> **Your assignment**
The answer should be the exact lines from the line containing "Wyjątkowym elementem tego" through the last line of the material below, with no pictures.

> **Provided material**

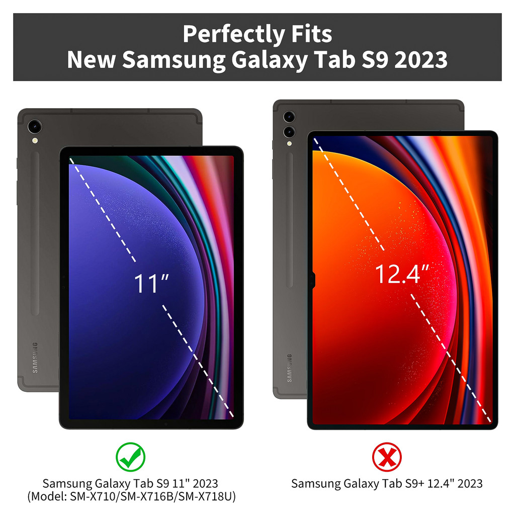 Nota: Este produto inclui BETTDOW Samsung Tab S9/S9 FE 11" Case e Bluetooth Wireless Keyboard (Tablet não incluso)!!! [Atenção Compatibilidade] O case de teclado BETTDOW é SOMENTE para Samsung Galaxy Tab S9 2023 11 polegadas (Número do modelo: SM-X710, SM-X716B, SM-X718U). Verifique gentilmente o número do modelo do seu tablet antes de comprar. [Teclado destacável magneticamente] Este case de teclado sem fio para Galaxy Tab S9 pode ser conectado ao case magneticamente. Você pode conectar este teclado Bluetooth a qualquer outro dispositivo com Bluetooth, como seu iPhone, iPad, laptop ou outro tablet. Compatibilidade com o sistema IOS e Android. [Capa de teclado com vários ângulos de visão] 3 ângulos de suporte antiderrapantes se ajustam facilmente a qualquer posição confortável e visualização de mídia que melhor lhe convier, proporcionando uma versatilidade incrível. A capa traseira de TPU macio com design antiderrapante protege seu tablet de choques, arranhões, poeira e consumo de energia. [Automático Função Sleep/Wake] Ela desperta ou coloca seu Tablet S9 para dormir automaticamente quando ele é aberto ou fechado, economizando muita energia para seu tablet. Após testes repetidos, mesmo se a capa estiver dobrada, ela não causará o sono da tela. O recorte preciso permite acesso total a todas as portas, interface do usuário, sensores, alto-falantes, microfone e câmeras. [Suporte para S Pencil integrado e slot de carregamento] Suporte para S Pencil integrado, slots para tampa e adaptador, use o S Pencil sempre que quiser e nunca se perca. Configure um slot de carregamento para que você possa usar o estojo sem atrapalhar o carregamento da caneta. Se você não estiver satisfeito com sua compra por qualquer motivo, entre em contato conosco (através da Amazon se passar da janela de devolução padrão) e teremos prazer em ajudá-lo.
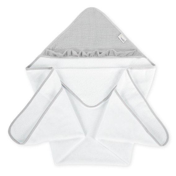Wyjątkowym elementem tego produktu jest kapturek, który wykonany jest z miękkiego muślinu bawełnianego ozdobionego uroczą falbanką. Dzięki temu okrycie kąpielowe zyskuje nie tylko praktyczne zastosowanie, ale również staje się estetycznym dodatkiem. Rozmiar okrycia został tak dobrany, aby dziecko zostało w całości otulone przyjemnym ciepłem. Dodatkowym udogodnieniem jest doszyty do kapturka uchwyt służący powieszeniu.
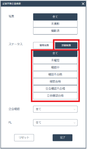 区画貫通処理記録(防火)シーンで、ステータスによる絞り込みに簡易検索が追加されました。

> **Result**
Wyjątkowym elementem tego produktu jest kapturek, który wykonany jest z miękkiego muślinu bawełnianego ozdobionego uroczą falbanką. Dzięki temu okrycie kąpielowe zyskuje nie tylko praktyczne zastosowanie, ale również staje się estetycznym dodatkiem. Rozmiar okrycia został tak dobrany, aby dziecko zostało w całości otulone przyjemnym ciepłem. Dodatkowym udogodnieniem jest doszyty do kapturka uchwyt służący powieszeniu.
 区画貫通処理記録(防火)シーンで、ステータスによる絞り込みに簡易検索が追加されました。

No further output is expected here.